(Extracted data entries)

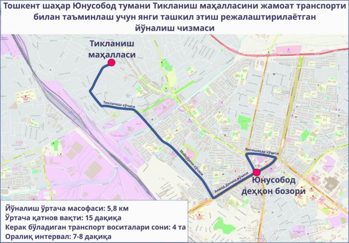 «Махалля Тикланиш - Юнусабадский декханский рынок»,
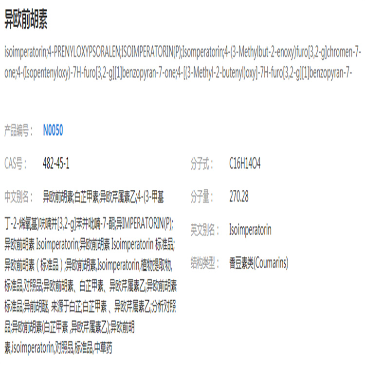 異歐前胡素 自制對照品 中檢院 純度高 科研專用
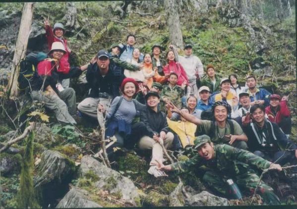任国才(前一)与研究生同学组织户外俱乐部探险神农架
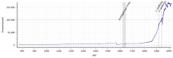 By 1914, Osnabrück had over 70,000 inhabitants.[11] The outbreak of the First World War necessitated food rationing; the Allied blockade and a harsh winter in 1917 led to further shortages.[13] Following Germany's defeat in 1918, a council made up of workers and soldiers took control during the November Revolution, but were replaced by the new Weimar Republic the following year.[14] Similarly to many other German cities, Osnabrück experienced considerable inflation and unemployment in the 1920s, with over 2,000 out of work by 1923 and nearly 14,000 receiving some form of government assistance by 1928.[15]
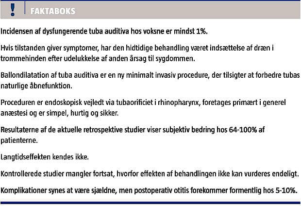 Det eustakiske rør – tuba auditiva (TA) – er anatomisk og funktionelt en del af mellemøret og består af en proksimal ossøs del i umiddelbar forlængelse af mellemøret og en kartilaginøs del, som forbinder mellemøret med rhinopharynx. Længden er hos voksne ca. 35 mm, hvoraf den bruskede del udgør to tredjedele. Mellemøret kan opfattes som et relativt nonkompressibelt luftrum, som er forbundet med de øvrige omgivelser via et naturligt kompressibelt luftrum i TA. Disse egenskaber er unikke i det respiratoriske organ, som mellemøret fylogenetisk er en del af. Ud over at være naturlig barriere fra rhinopharynx for potentielle patogener og en del af det innate immunsystem i mellemøret har TA to yderligere hovedfunktioner: mukociliær transport og trykudligning i mellemøret via muskulær dilatation af den bruskede del. Dysfungerende TA er et hyppigt problem hos børn, men tilstanden kan persistere i voksenalderen. Incidensen anslås hos voksne at være 1-5% [1, 2]. De patogenetiske faktorer inkluderer kronisk infektion, allergi, laryngeal refluks, primær mucosasygdom, anatomisk obstruktion og dysfungerende dilatationsmekanisme [3, 4]. Dysfungerende TA kan føre til forskellige symptomer og sygdomme f.eks. serøs otitis og kronisk otitis media (COM), begges sequelae er velkendte og inkluderer atrofi af trommehinden, retraktioner, perforation og kolesteatom. Hvis der ikke findes nogen oplagt ætiologi, eller hvis medicinsk behandling er refraktær, er standardbehandlingen indsættelse af dræn i trommehinden. Patienter med kronisk dysfungerende TA kan have brug for gentagne drænbehandlinger eller behandling med langtidsdræn (tympanomeatalt dræn). Imidlertid kan begge behandlinger give anledning til infektioner, skorpedannelse, ekstrudering, forkalkninger af trommehinden, blivende trommehindeperforation og tilstopning af drænet [5]. Indlæggelse af stent og plastik på den faryngeale del af TA er forsøgt uden overbevisende resultater [6, 7].
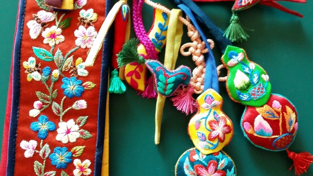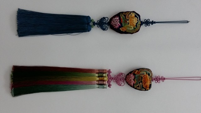 전통자수를 놓아 만든 자수열쇠패 노리개
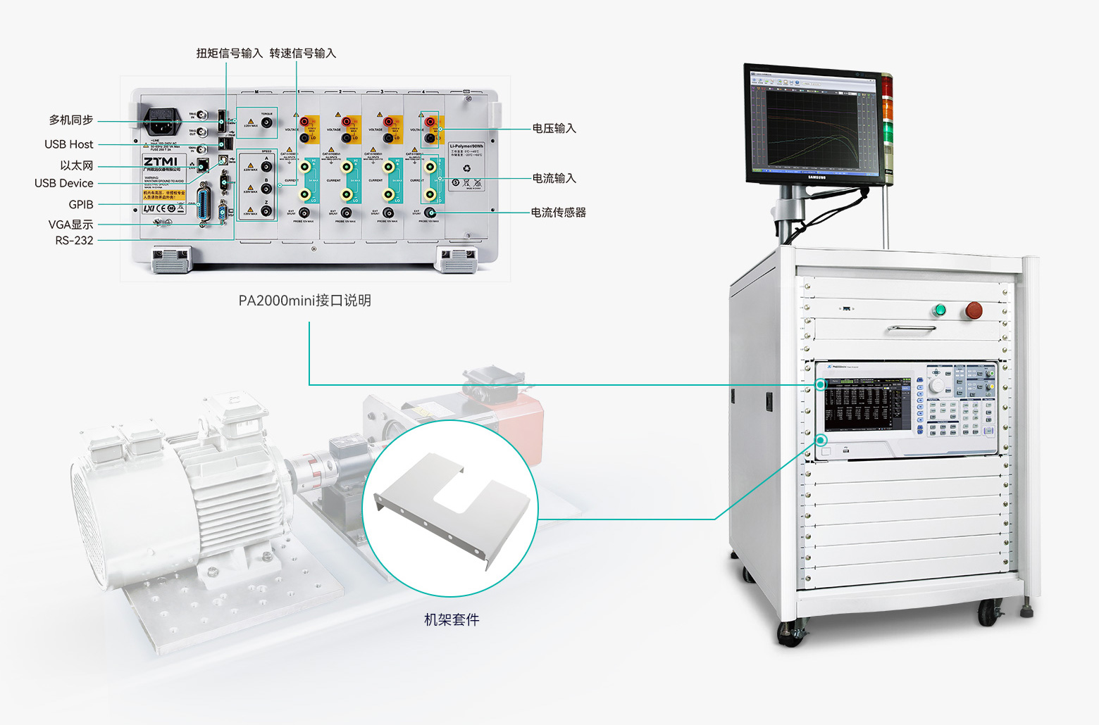 PA2000mini功率分析儀致力于為您提供方便的測試體驗,4通道0.05%精度的功率測量板卡加上電機測試板卡,可輕松完成大部分的日常測量應用,標配的多種協議接口配合上機架套件可更方便進行系統集成。
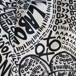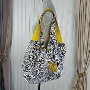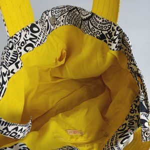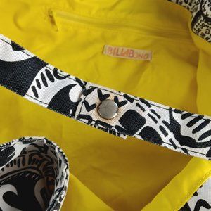 Adorable black and white fun flowers and letters pattern with yellow lining and handles. Billabong logo embroidery on front bottom. Little rust on inside snap button. Very good pre-owned condition.
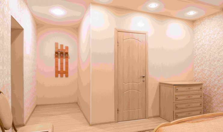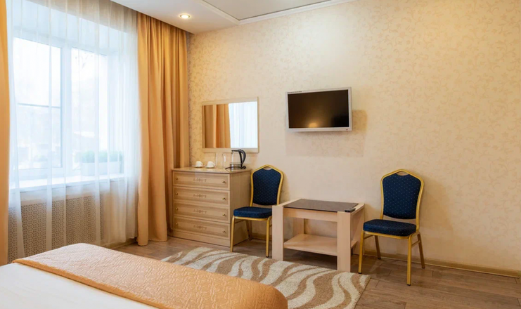 В номере: вешалка, зеркало, кровать двуспальная, прикроватные тумбочки, стол, стулья, шкаф, гладильная доска, телевизор, холодильник, чайник
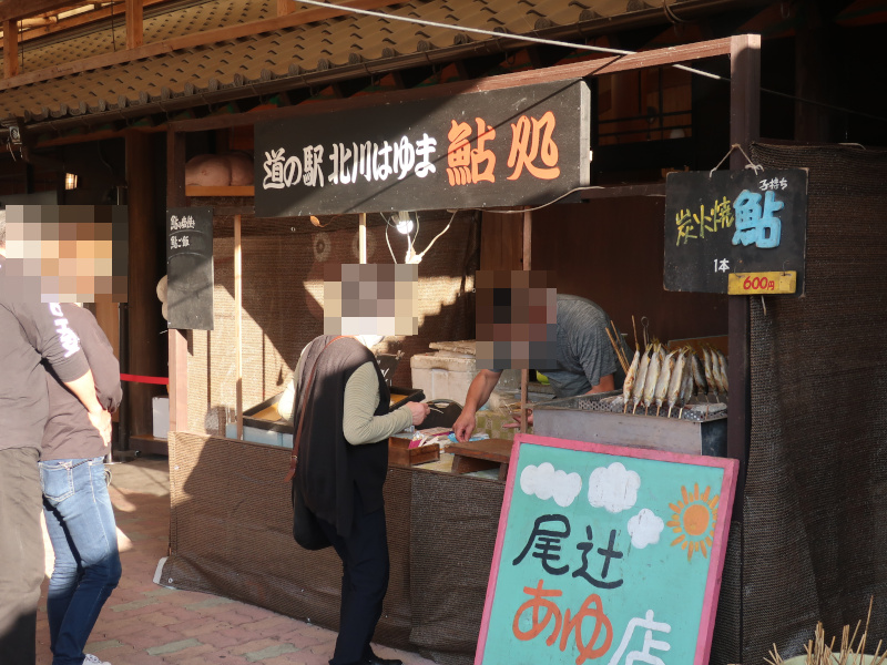 どちらかというと、山なのでこちらの鮎のほうが名物っぽい。この鮎は600円もするらしい。(1人で食べるならまだしも、家族で食べる気はしないよね。高すぎて) |
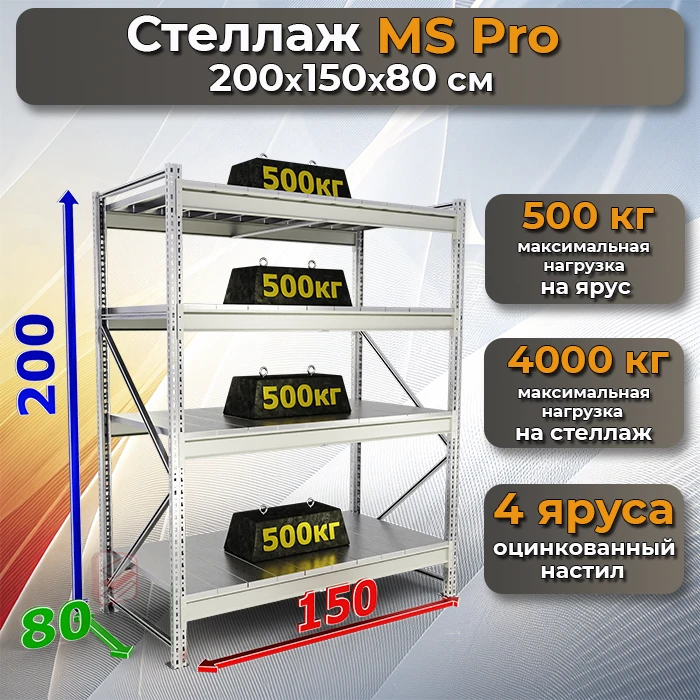 Прочный и надежный металлический стеллаж MS Pro – идеальное решение для гаража, склада, кладовой или торговой точки. Позволяет удобно организовать хранение инструментов, запчастей, коробок и других грузов.
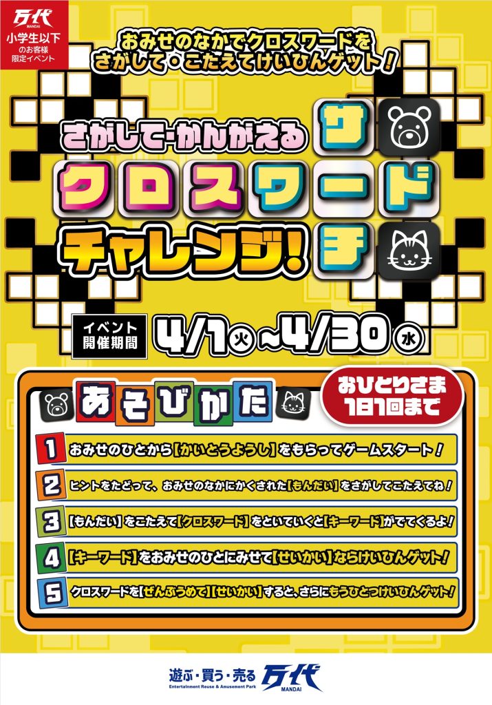 4/1~4/30 まで連日開催 【クロスワードチャレンジ】 探して考えて景品ゲット!!↓ 【今週のイベントはこちら】 ↓

▸ **WORK INSTRUCTIONS**: Lines from the one above containing "Adorable black and" down to the one containing "Прочный и надежный" should be transcribed exactly, with both ends kept and no pictures.

▸ **ANSWER**:
 Adorable black and white fun flowers and letters pattern with yellow lining and handles. Billabong logo embroidery on front bottom. Little rust on inside snap button. Very good pre-owned condition.
 В номере: вешалка, зеркало, кровать двуспальная, прикроватные тумбочки, стол, стулья, шкаф, гладильная доска, телевизор, холодильник, чайник
 どちらかというと、山なのでこちらの鮎のほうが名物っぽい。この鮎は600円もするらしい。(1人で食べるならまだしも、家族で食べる気はしないよね。高すぎて) |
 Прочный и надежный металлический стеллаж MS Pro – идеальное решение для гаража, склада, кладовой или торговой точки. Позволяет удобно организовать хранение инструментов, запчастей, коробок и других грузов.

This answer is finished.